To Engage, Empower and Retain:
Young adult thoughts for the Mennonite Church and a proposal for this summer’s convention
This document is a young adult call to the Mennonite Church. Over the past couple of months, young Mennonites have been talking seriously (amongst themselves and with many of you) about our own church involvement. Many US and Canadian young adults are ready, now, to engage, more fully, in the institutional church. This statement lays out some of our thoughts and concerns as we begin this engagement. From the Mennonite church, it asks for concrete cooperation and specific commitments. Our statement is completely wrapped up in our appreciation for the way the Mennonite church has provoked our interest. We regard those of you who are reading this document with the deepest respect as church leaders, pastors, professors, mentors and other integral members of the Mennonite church that have encouraged us and have been incredible examples for us as we have grown to be the people that we are today. Your thoughts and queries, as our religious leaders and mentors of faith, have given us crucial questions with which to grapple and, we believe, to more responsibly undertake our own commitment to Christ and the church. These, your questions, are the medium through which we have chosen to order our challenges and affirmations.
Read the longer version in Word format
Read the shorter version in Word format
I. Why do our young voices deserve your ears?
We recognize, and trust that you do as well, the tendency of adults to discount or at least second guess idealistic youth and young adults. We house no illusions that this tendency is unfounded or irrational. Young adults are generally less experienced and may often overlook pragmatic concerns. We understand that someday, we’ll hold that same intuitive aversion to what seems too idealistic; the tendency is not invalid. On the contrary, we want to challenge this initial inclination.
First, considering the history of the Anabaptist and Mennonite church, we find examples of young adults initiating dynamic movements and raising essential questions that are retrospectively regarded as integral turning points for positive change in church’s trajectory. The shapers of the early Anabaptist movement were young men that challenged the way that Zurich approached Protestantism. In 1920 MCC, an institution that the Mennonite church has come to work closely with and commit substantial time and energy to, was envisioned by idealistic young adults who felt that North American Mennonites needed to respond directly to suffering overseas. World War Two spotlighted young Mennonites as many of them chose to object conscientiously to participating in the war effort. Those who did alternative service in mental hospitals quickly engaged in an idealistic quest to transform the way patients were treated in those institutions. Mental hospitals in America have not been the same since. In the early fifties, young American Mennonites living in Europe, gathered their thoughts and ideas into a series of pamphlets which they entitled Concern: A Pamphlet Series for Questions of Christian Renewal. These young adults, part of what Mennonite history would dub the Concern Movement, positively challenged the church to remember its radical and faithful roots. These are a few instances in which the idealistic energies of young adults have managed to responsibly transform a part of, or the entire, Mennonite church. These historical allusions are not referenced to immediately validate our concerns as dynamic ones of potential transformation for the Mennonite trajectory, but to pose a challenge to the widely shared tendency to invalidate the voice of young adults as simply too idealistic. In light of these historical instances, when young adults had to find alternative modes of communication and alternative foundations for respect, we think that an incredible step could be made if the Mennonite church could establish more structural plug-ins specifically for its young adults to have a constantly recognized voice.
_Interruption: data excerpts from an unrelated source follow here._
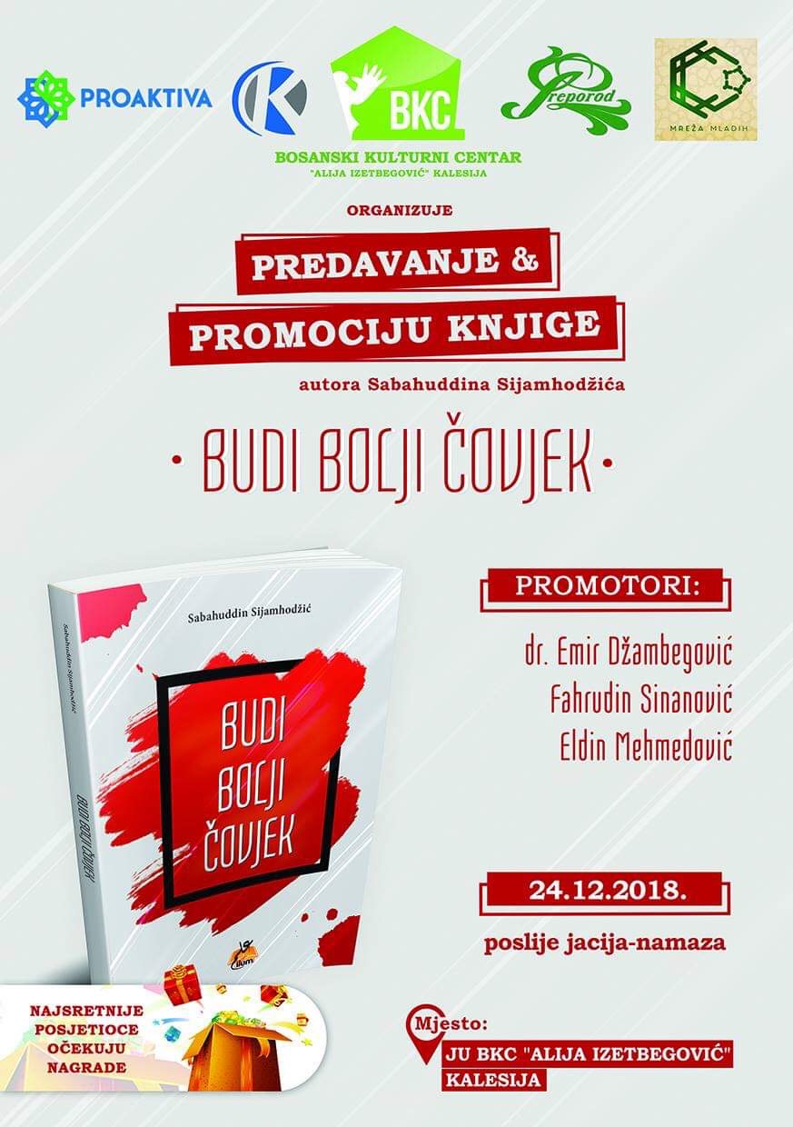 U ponedjeljak, 24. decembra, poslije jacije, u Kalesiji, u sali BKC-a, održat će se promocija knjige „Budi bolji čovjek“.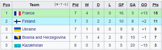 Таким образом, если вдруг Украина победит Боснию в один мяч, то забить надо хотя бы на один гол больше, чем Финляндия в этот день (если финны играют вничью с Францией).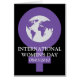 Paarse wereldkaart omringd door het venussymbool om Internationale Vrouwendag te vertegenwoordigen. Pas tekst en achtergrondkleur aan.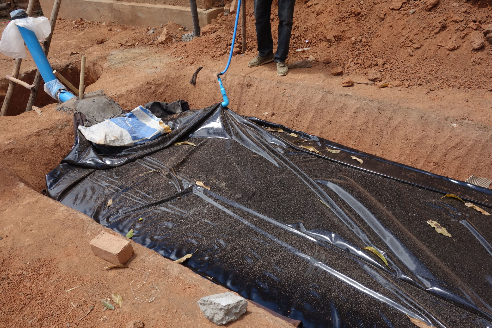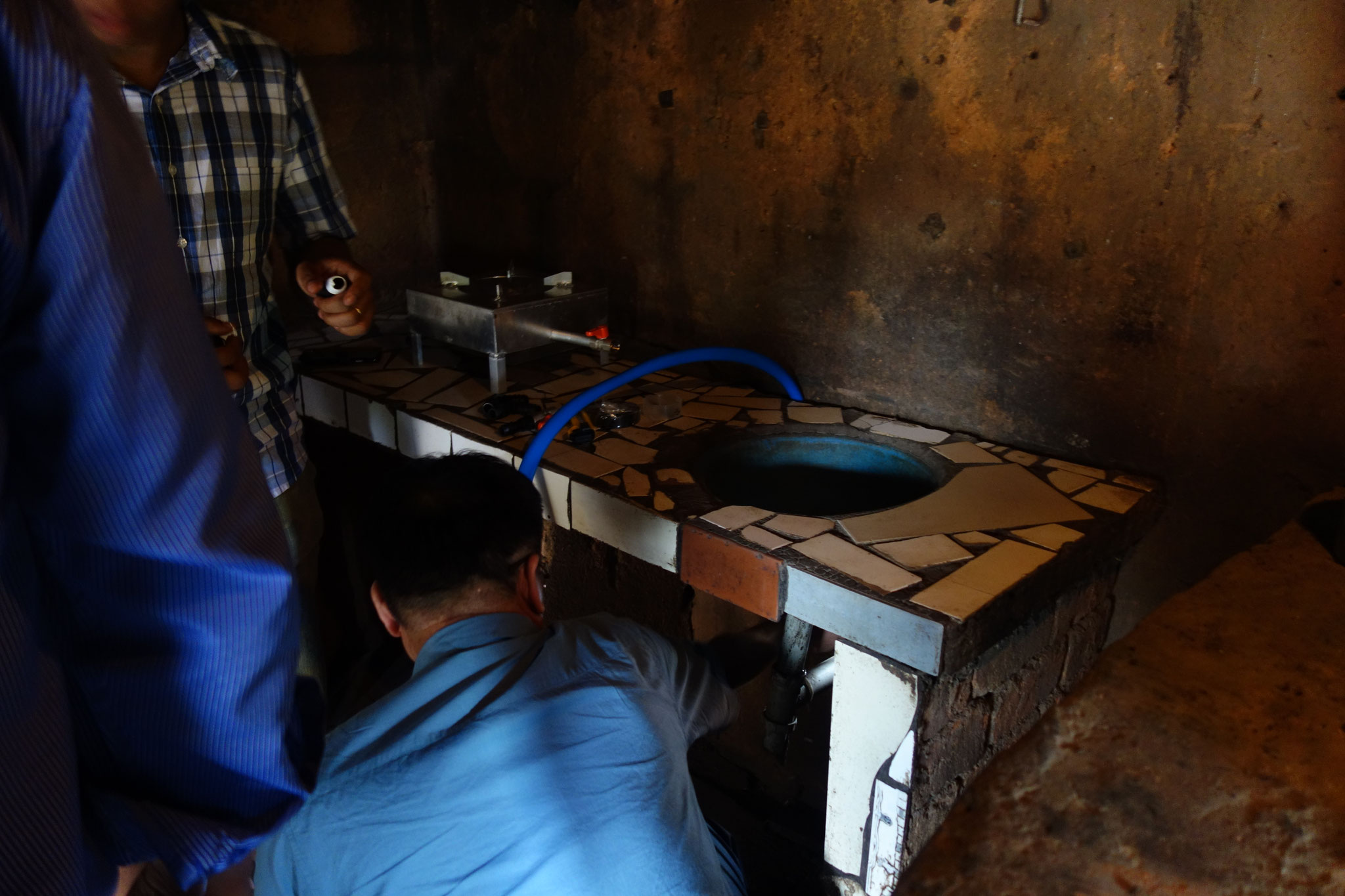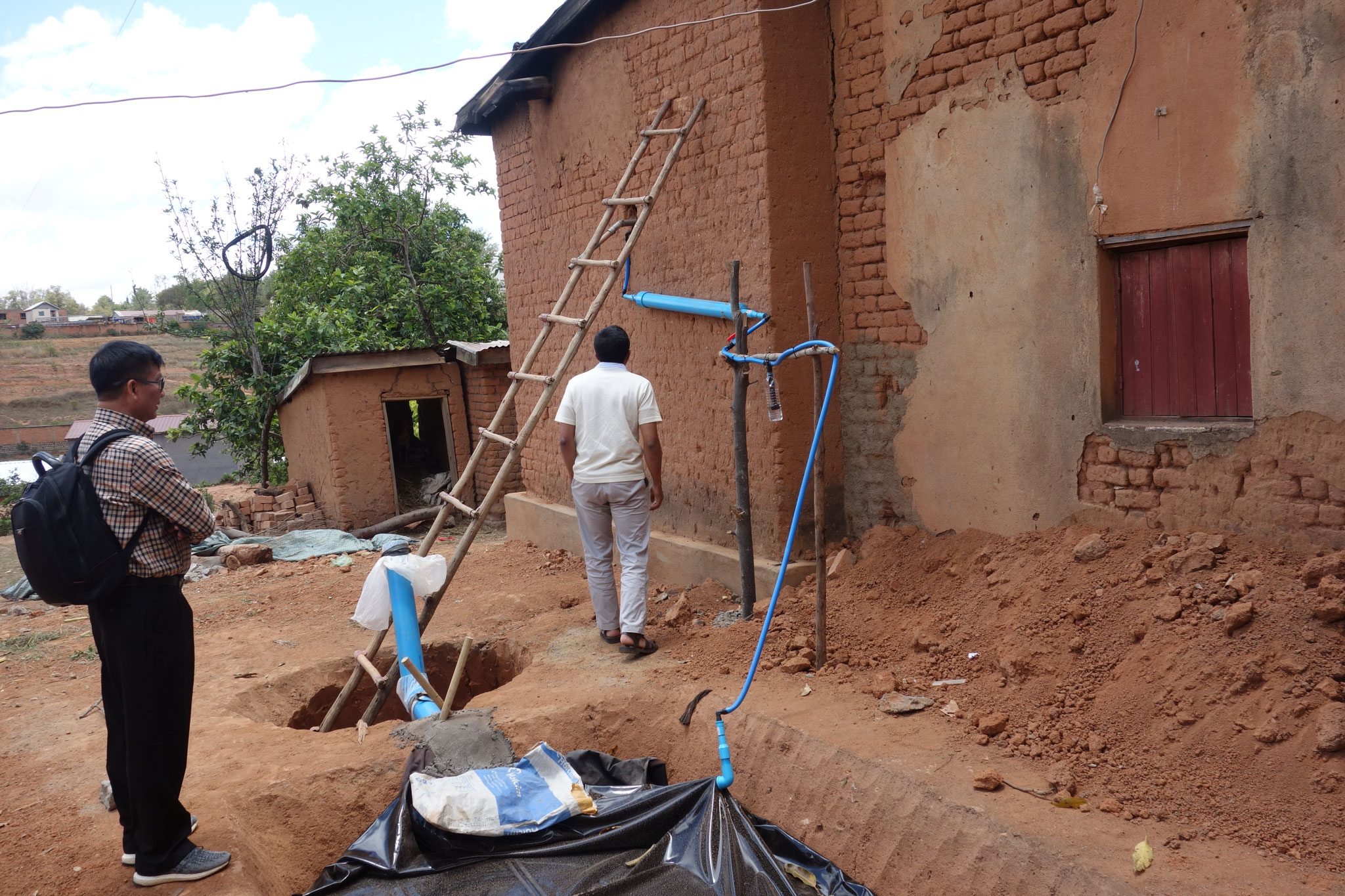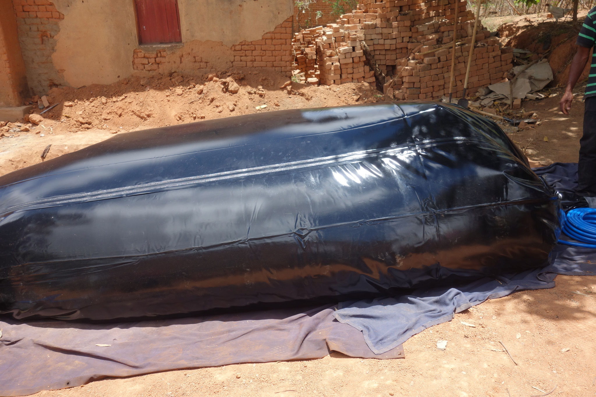 シンポジウムに2日目はバイオガスプラント設置のワークショップです。マダガスカル首都アンタナナリボ近郊のイラフィにて、バイオガス・ダイジェスターの設置デモンストレーションを行いました。前日のシンポジウムにも参加したロバソア小学校の校長や教員、大学の研究者たちが見守るなか、タイで調達した資材を使って、サッチョン教授とフェトラ博士の指導の下、マダガスカルミライのスタッフがダイジェスターを設置しました。ダイジェスターを設置している間、一部のメンバーは、JICAのコメ増産プロジェクトの専門家チームの事務所を訪問。当バイオガス事業に関する意見交換を行いました。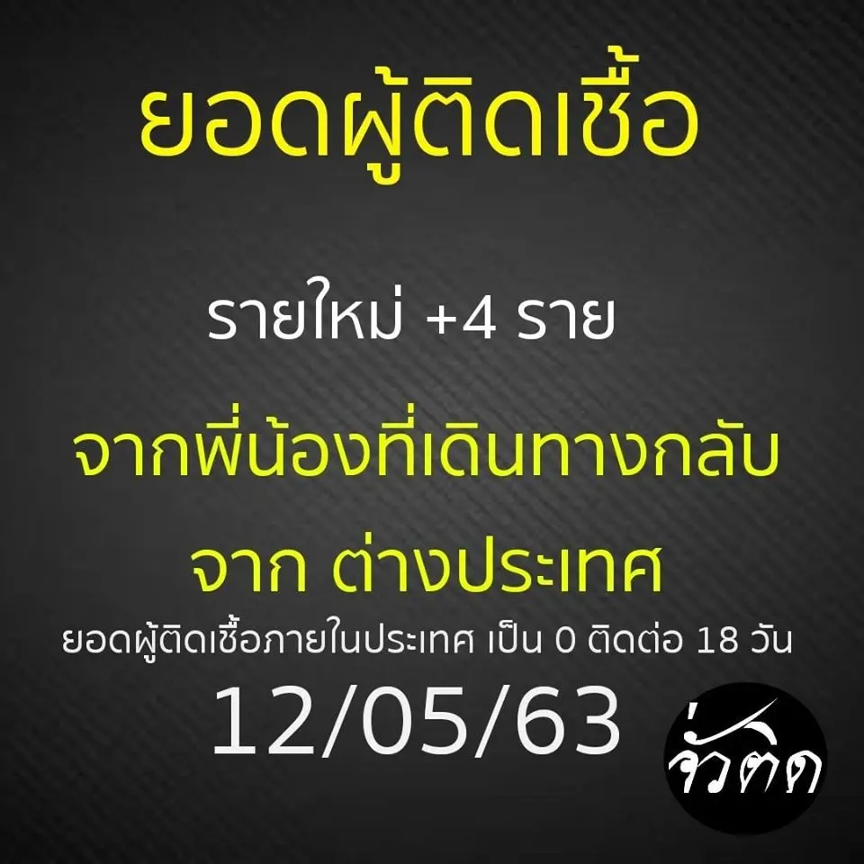 ❓ยอดผู้ติดเชื้อ 12/05/2563👉ภายในประเทศไทย เป็น 0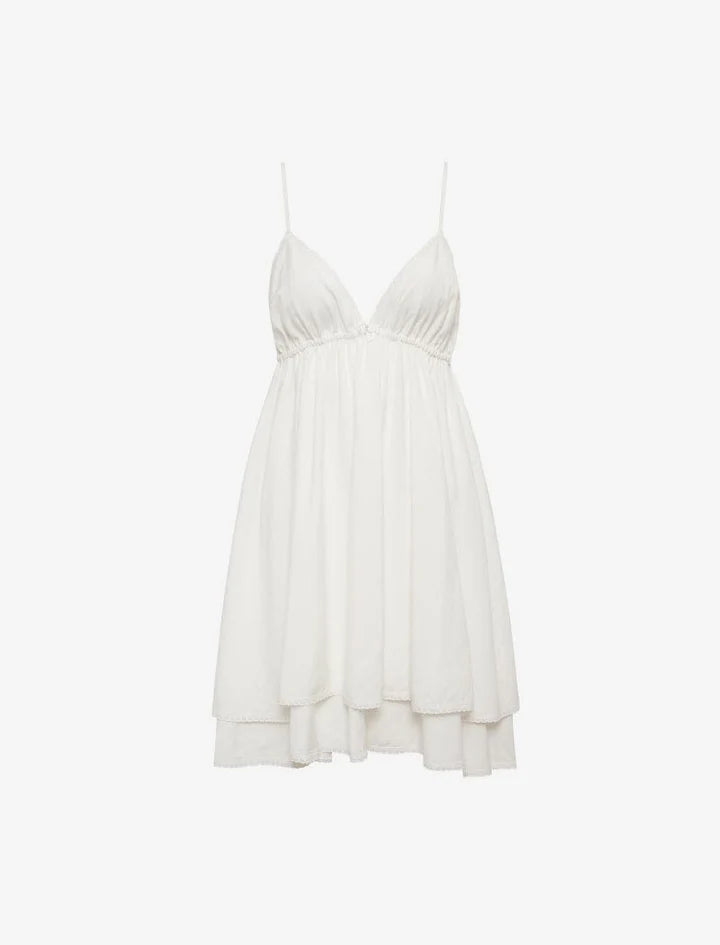 Crafted from an airy blend of cotton linen, this summer mini features an elastic bust and delicate picot lace trim. Light, swingy, and sweet—it’s made for sunny days and seaside escapes.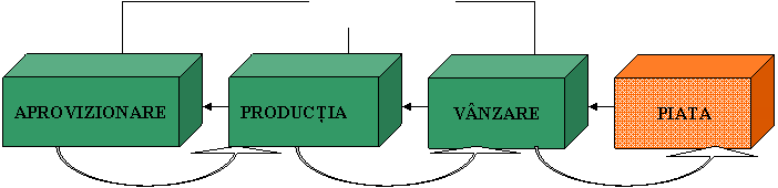 Mecanismul functional din figura de mai sus, pune in evidenta existenta indispensabile a doua circuite: a) informational, in sensul piata - productie - aprovizionare, context in care vanzarea in calitatea sa de compartiment functional pentru interesele productiei, preia informatiile din piata cumparatorilor (utilizatorilor), le analizeaza, prelucreaza si sistematizeaza, dupa anumite reguli, cerinte si conditii, transmitandu-le tuturor activitatilor din amonte;

Second, we are baptized members of the believing body of Christ. Historically the Mennonite church has espoused an ecclesiastical vision that the church is a community of believers who collectively seek to discern truth. If any part of the church is silenced, or any part prioritized, we risk losing essential contributions and compromising our integrity as a collective community of truth-seekers. We contend that young adults are a part of the church now; we have an historic responsibility and right to have our voices heard. We recognize that many of our suggestions and opinions may be uninformed or reveal inexperience. We may, indeed, be the most conscious of that reality. However, should the Mennonite church risk silencing prophetic voices because those voices might naively push buttons or immaturely demand controversial deliberation? We hope that a church rooted in the button-pushing Radical Reformation and laced with controversial hermeneutics like pacifism will not avoid, but actively seek structural space for the voice of young adults. We hope that our ideas, however idealistic and however controversial, can be seen as essential contributions to the honest discernment of truth in which we (adults and young adults alike), as members of the body of Christ, are called to engage.
II. How does the church go about implementing change?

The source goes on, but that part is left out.